Posted to github@arrow.apache.org by GitBox <gi...@apache.org> on 2022/11/23 10:59:41 UTC

[GitHub] [arrow-datafusion] crepererum commented on issue #2723: Consolidate GroupByHash implementations `row_hash.rs` and `hash.rs` (remove duplication)

crepererum commented on issue #2723:
URL: https://github.com/apache/arrow-datafusion/issues/2723#issuecomment-1324876060

# Grant Plan

So @tustvold and I came up with a plan for this. Let me illustrate.

## Prior Art
Let's first quickly illustrate what the current state is and what the problem is. We have two group-by implementations:

### V1 (`hash.rs`)
This is the original, fully-featured implementation.
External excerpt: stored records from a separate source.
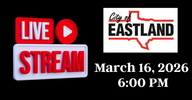 Livestream and agenda for the Eastland City Commissioners’ meeting, March 16, 2026 at 6 PM.
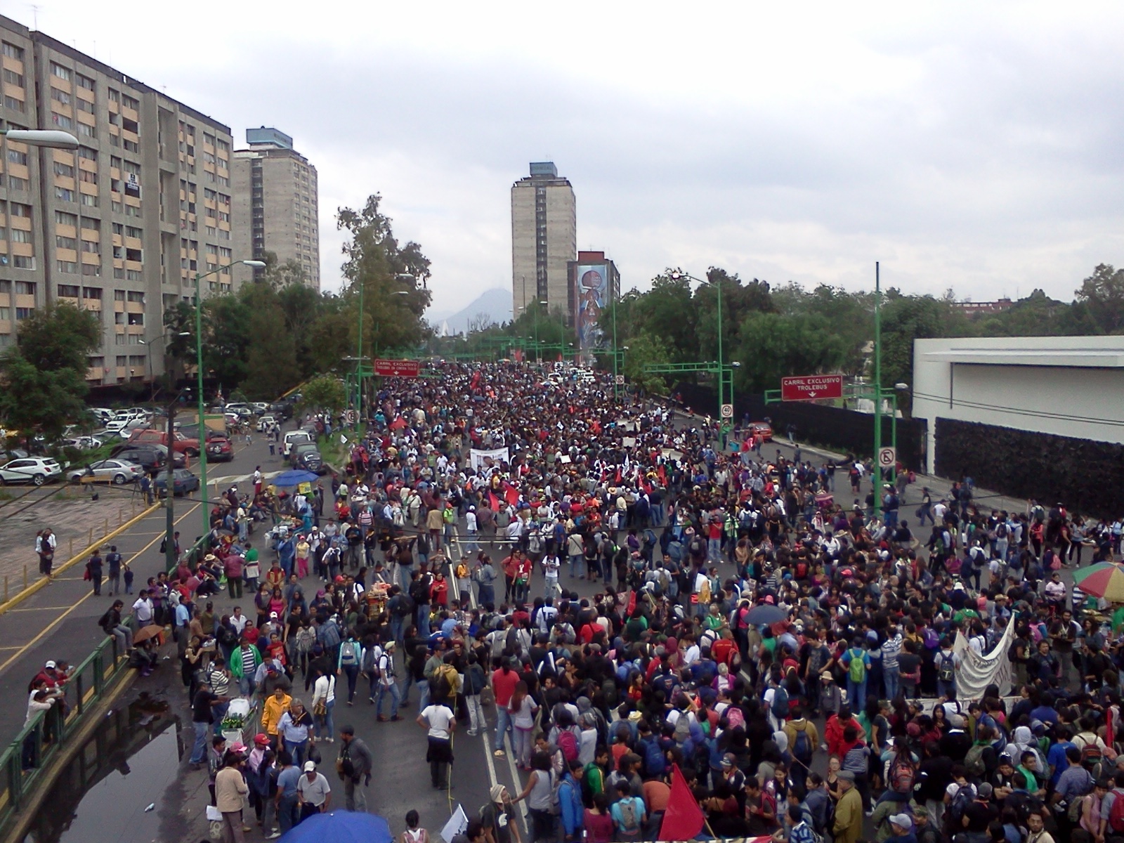 Imagen de la Marcha realizada este 18 de septiembre en la Ciudad de México, donde la dirigencia de la CNTE decidió cambiar el objetivo inicial de recuperar el Zócalo (acordonado y blindado por el Estado Mayor, 1500 polícias federales y 2400 policias de la SSPDF sobre el Eje Central) y encamino la marcha a la Plaza de las Tres Culturas en Tlatelolco.
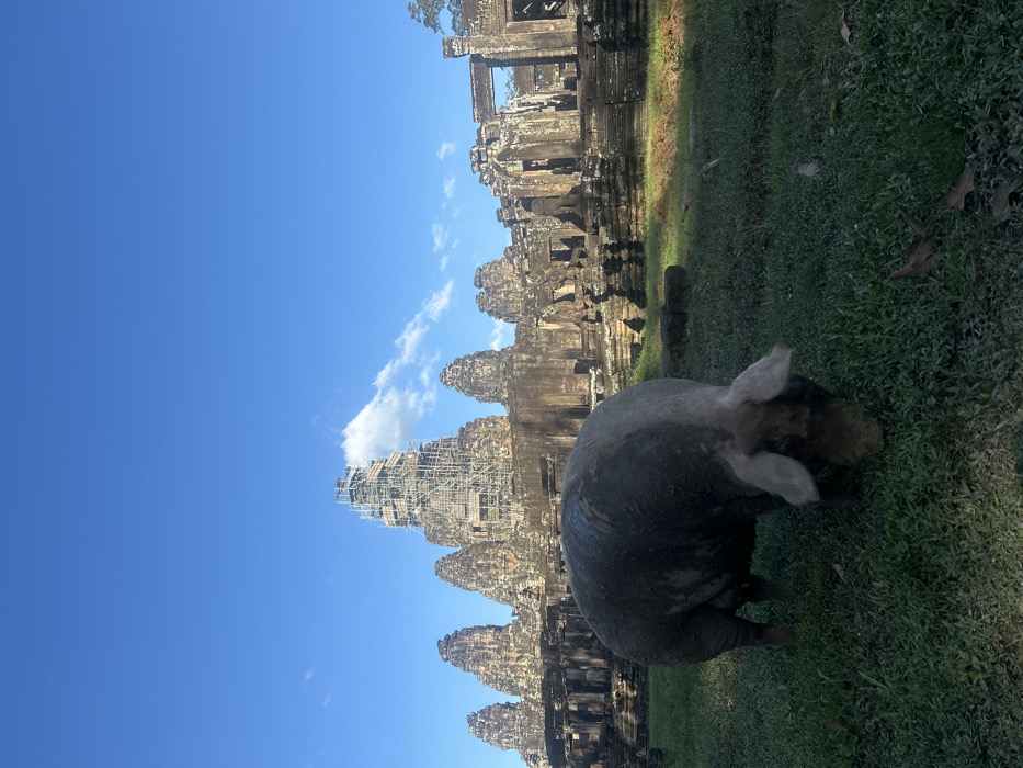 The image depicts a large, dark-colored domestic pig grazing in a grassy area in the foreground and mid-ground. The pig's hide is mottled with dark grey/brown dirt or mud, and its head is lowered to the green grass, with its pinkish snout and floppy ears visible as it roots or eats. In the background stands the ancient stone structure of Bayon Temple, located within Angkor Thom in Siem Reap, Cambodia. The central tower of the temple is extensively covered in scaffolding, indicating ongoing restoration work. Surrounding the central tower are other multi-faced stone towers and sections of the temple complex, displaying weathered grey stone and architectural details. The sky above is clear and bright blue with a few scattered white clouds. The scene is illuminated by natural light, casting shadows from the temple and the pig. No people are visible.
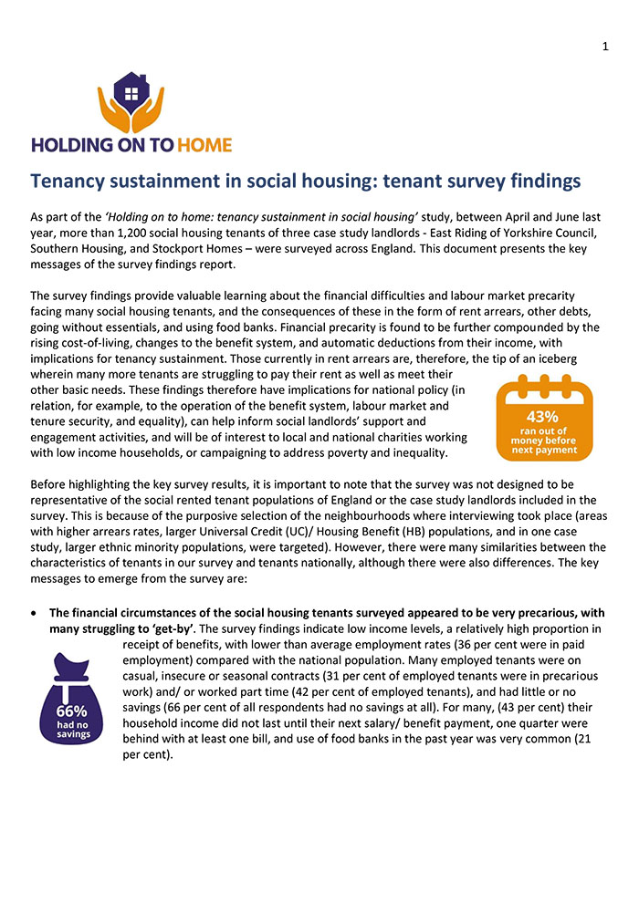 Centre for Regional Economic and Social Research Social and Economic Research InstituteTenancy sustainment in social housing: tenant survey findings - Summary
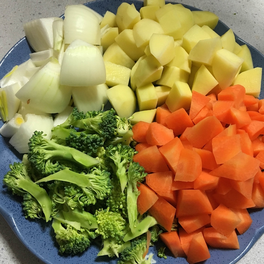 2 Potatoes, peeled and sliced into 2.5cm/1 inch cubes
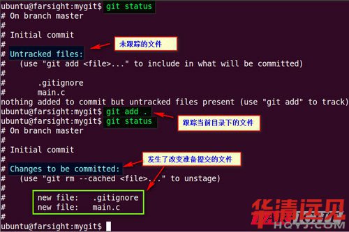 從提示信息我們可以看到,main.c a.out 都是"未被跟蹤的文件",所謂”未被跟蹤的文件“即,還沒有納入git管理的文件
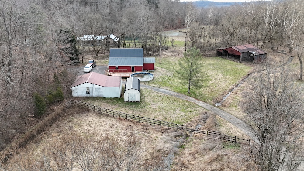 Located at 439 Sprout Springs Road in Knifley, Kentucky, this 106± acre tract in Adair County offers a combination of residential improvements, agricultural infrastructure, timber, and recreational land. The property includes a fully updated farmhouse, multiple barns, water features, crop ground, and wooded acreage in a rural setting.

It uses `Box<[ScalarValue]>` as a group key and for each group a `Box<dyn Accumulator>` to perform the aggregation and store the per-group state (so there's one `Accumulator` per group). `hash.rs` manages the entire group->state mapping. The grouping is is calculated once per record batch, then a `take` kernel reshuffles the batch and we pass slices of that to the individual `Accumulator`s.

While this is nice from a flexibility PoV, this is also very slow, because:

- `Box<[ScalarValue]>` is not exactly fast to compute
- There's one dynamic-dispatched object per group

V1 currently does NOT support dynamic memory tracking, see #3940.

### V2 (`row_hash.rs`)
This uses a row format ... or two to be precise. The group key is stored as DataFusion *compact* row format. There's one `Box<dyn RowAccumulator>` per aggregation target (NOT per group) and the per-group state is stored in the DataFusion *word-aligned* row format. `row_hash.rs` manages the mapping from group key to state and passes a `RowAccessor` to the `RowAccumulator`. The processing is similar to V1: groups are calculated once per batch, then a `take` kernel reshuffles everything and slices are passed to the `RowAccumulator`.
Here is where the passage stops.